Zuraida mengungkapkan, korban diduga mendaftarkan diri dan mengikuti perguruan silat di luar ekstrakulikuler sekolah.

Pada saat malam kejadian, Muhammad Akil harus mengikuti ujian akhir kegiatan tersebut. Sayangnya, saat itu kondisi kesehatan korban kurang baik alias sedang sakit.

"Siswa tersebut dalam kondisi kurang sehat, tapi karena ingin sekali mengikuti ujian dan ingin mendapatkan sertifikat atau sabuk, dia ini tidak cerita kalau kondisinya kurang sehat, maka terjadilah seperti itu," terang Zuraida.

Sebagaimana penjelasan pihak sekolah, ia menyebutkan, korban tidak serta merta mengalami penganiayaan atau kekerasan sebagaimana dugaan selama ini beredar di kalangan masyarakat luas.

"Bukan kekerasan, karena kalau silat itu dilakukan memang seperti itu. Ini kata pihak sekolah, ada rekaman dan video dari kepala sekolahnya langsung dan juga ada dari pengasuh asramanya," sambung dia.
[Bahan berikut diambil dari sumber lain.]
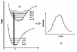 Deoarece tranzitia electronica este rapida, iar starea excitata are un timp de viata foarte scurt (10-6-10-9 s), conform principiului Franck-Condon se considera ca molecula va avea in timpul absorbtiei radiatiei aceeasi configuratie (distante internucleare nemodificate) si aceeasi energie cinetica de vibratie, atat in starea fundamentala cat si in starea excitata. In figura 2.1a sunt redate curbele Morse (reprezentari grafice ale energiei potentiale in functie de distanta interatomica) pentru doua stari electronice ale unei molecule biatomice; in aceasta diagrama a starilor electronice, tranzitiile electronice posibile sunt reprezentate prin linii verticale. In timpul tranzitiei electronice nu actioneaza nici o regula de selectie generala restrictiva privind modificarea starii de vibratie. Tranzitiile electronice pot avea loc intre starea vibrationala fundamentala (v=0) a starii electronice fundamentale si diferite stari de vibratie excitate (v'=1, v'=2, etc) ale unei anumite stari electronice excitate. Aceste tranzitii pot conduce la o structura fina de vibratie a benzii electronice de absorbtie (figura 2.1b). In cazul tranzitiilor electronice care se petrec intre orbitali moleculari de legatura si orbitali moleculari de antilegatura, curba energiei potentiale pentru starea fundamentala este diferita de cea a starii excitate datorita unei densitati electronice de legatura mai scazute in starea excitata. Ca rezultat, distanta de echilibru internucleara va fi mai mare, iar curba energiei potentiale va fi mai larga pentru starea excitata. Datorita acestei deplasari a curbei energiei potentiale a starii excitate, tranzitiile electronice vor avea loc spre stari de vibratie caracterizate de numere cuantice mai mari ale starii electronice excitate.

Pasca mengikuti ujian akhir kegiatan dimaksud, Zuraida menambahkan, korban Muhammad Akil dalam keadaan baik-baik saja, namun sempat menyampaikan keluhan mengalami sakit perut kepada pengasuh asrama. Kemudian langsung dibawa ke rumah sakit terdekat.

"Di sana (rumah sakit), keterangan dokter tidak apa-apa cuma hanya ada sedikit sakit sakit perut itu," ucapnya.

Meski demikian, korban Muhammad Akil sempat dirawat di rumah sakit setempat hingga akhirnya meninggal dunia.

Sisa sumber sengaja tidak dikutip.